FM-analog-tuning-indicator

Radio is not dead by any measure, however, it is declining for a number of obvious reasons.  There are more competing entertainment and information options, that is true.  Ipods, netcasters, and satellite radio have taken some of radio’s listeners away.  However, the main culprit in radio’s decline is the investment bankers that are squeezing every drop of blood nickel out of the industry before moving on to their next victim investment opportunity.

The net result of this has made much, not all, of radio predictable and boring.  No longer is radio the source for new music, news, information, and entertainment as it used to be.  I don’t think that anyone will argue that point.  The money men have fired most of the creative and talented individuals who used to bring in the listeners and replaced them with computers.  They have also cut news staff, support staff, and anything else that lives and breaths except salespeople.  More salespeople are always required.

HD RadioTM radio is a joke at best.  Setting aside all of the technical problems with coverage and building penetration, the programming sucks too.  The same purveyors of crap on the main analog channels are now branching out on the HD2 and HD3 channels.  I can’t believe that the secondary channels will somehow be better than the main analog channels,  or even marginally good enough to buy an HD Radio radio.  Some groups are putting their AM programming on an FM HD2 channel, which is great if one cares to hear drug-addled corpulent talk show hosts wheezing into the microphone in full fidelity.   At least on the AM analog broadcasts, everything above 4.5 KHz is cut off, wheezing included.

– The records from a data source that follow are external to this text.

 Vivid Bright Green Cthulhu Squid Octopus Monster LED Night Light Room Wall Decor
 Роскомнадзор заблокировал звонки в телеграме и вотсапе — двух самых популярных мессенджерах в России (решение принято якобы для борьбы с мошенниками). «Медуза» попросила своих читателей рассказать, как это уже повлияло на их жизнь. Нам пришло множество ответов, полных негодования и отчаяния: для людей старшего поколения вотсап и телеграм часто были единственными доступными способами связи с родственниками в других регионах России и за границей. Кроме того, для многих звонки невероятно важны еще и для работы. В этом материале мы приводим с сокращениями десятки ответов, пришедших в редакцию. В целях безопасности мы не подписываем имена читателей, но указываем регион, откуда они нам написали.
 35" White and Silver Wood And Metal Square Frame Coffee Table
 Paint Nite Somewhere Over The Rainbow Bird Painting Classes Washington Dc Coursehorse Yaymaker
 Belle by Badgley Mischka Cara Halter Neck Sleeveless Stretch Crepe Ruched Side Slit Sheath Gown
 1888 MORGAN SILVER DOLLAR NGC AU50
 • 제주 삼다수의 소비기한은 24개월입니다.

The good news is, there are still some radio stations that are programmed well.  Radio sets are almost universal, every car has one, every house has at least one or two, and most offices, stores, etc. Radio reception is still free.  Radio is still popular among many people.  Radio owners could very easily become involved with their communities of license, make better programming decisions, hire staff, and add valuable informative local programs again.  This decline would soon be forgotten.

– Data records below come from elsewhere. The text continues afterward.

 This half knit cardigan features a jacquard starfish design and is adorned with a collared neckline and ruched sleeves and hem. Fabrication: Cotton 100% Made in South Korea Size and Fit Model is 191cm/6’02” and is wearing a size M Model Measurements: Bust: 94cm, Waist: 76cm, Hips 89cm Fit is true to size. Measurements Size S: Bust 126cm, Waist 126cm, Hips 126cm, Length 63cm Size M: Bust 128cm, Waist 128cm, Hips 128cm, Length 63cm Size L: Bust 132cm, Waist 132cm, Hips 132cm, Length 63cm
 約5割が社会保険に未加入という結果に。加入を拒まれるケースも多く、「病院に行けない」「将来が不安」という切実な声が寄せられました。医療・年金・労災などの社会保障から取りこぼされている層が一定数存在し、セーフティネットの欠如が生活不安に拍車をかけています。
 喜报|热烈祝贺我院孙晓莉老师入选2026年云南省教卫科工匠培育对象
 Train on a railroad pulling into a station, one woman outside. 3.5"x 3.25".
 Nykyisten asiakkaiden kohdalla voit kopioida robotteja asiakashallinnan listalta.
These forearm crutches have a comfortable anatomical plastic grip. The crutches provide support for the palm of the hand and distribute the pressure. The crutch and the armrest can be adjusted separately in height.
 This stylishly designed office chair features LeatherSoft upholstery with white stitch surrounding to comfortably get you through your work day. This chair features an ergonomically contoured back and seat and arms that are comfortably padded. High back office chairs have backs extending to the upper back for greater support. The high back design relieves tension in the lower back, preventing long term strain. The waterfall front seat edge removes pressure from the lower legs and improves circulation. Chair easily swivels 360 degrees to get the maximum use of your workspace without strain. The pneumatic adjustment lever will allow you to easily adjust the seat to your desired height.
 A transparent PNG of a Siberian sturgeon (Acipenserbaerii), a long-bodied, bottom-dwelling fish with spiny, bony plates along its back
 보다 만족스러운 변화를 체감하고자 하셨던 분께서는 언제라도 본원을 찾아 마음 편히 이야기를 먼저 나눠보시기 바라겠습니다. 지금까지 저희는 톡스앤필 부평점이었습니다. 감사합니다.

The bad news is that is unlikely to happen.  Less than a snowball’s chance in hell unless someone wakes up and smells the coffee.

I am half an optimist.

How stupid do you have to be?

I read through the news coverage of the vandalism at the KRKO transmitter site.  Apparently, there is some group of idiots people running around insisting that radio towers are bad for the environment and people’s health.  These are the same ones who have torched SUVs and burned high-end housing developments down.  Naturally, no pollution is released into the environment during these acts, or else they would be hypocrites.

They make these claims with no merit or scientific basis, instead relying on base fears to make people go crazy, either temporarily or permanently like.  It is actually a pretty good motivator as both political parties and all sorts of fringe truthier, birthier, and others have discovered.  If enough people insist that it is true, then it must be so.

Unfortunately, there is always some idiot around who thinks it is his or her duty to take action, to protect the rest of us from some terrible fate.

In the meantime, some security cameras at the transmitter site might be a good investment.  Chances are, these Earth Liberators that sneak around with bolt cutters and hack saws will likely think twice if there is any chance of themselves going to jail.

By the way, those KRKO towers looked like self-supporters which would have been very difficult to get down.  Did they rent that excavator, or was some construction equipment left unattended?

The often misquoted Hunter S. Thompson

I have often heard or read this Hunter S. Thompson piece misquoted as “The Radio business is uglier than most things…”  After a bit of research, I found this directly from his book called Generation of Swine: Tales of Shame and Degradation in the ’80s (New York: Summit Books, 1988):

The TV business is uglier than most things. It is normally perceived as some kind of cruel and shallow money trench through the heart of the journalism industry, a long plastic hallway where thieves and pimps run free and good men die like dogs, for no good reason.

Phew, thank God I don’t work in TV, that must be really bad.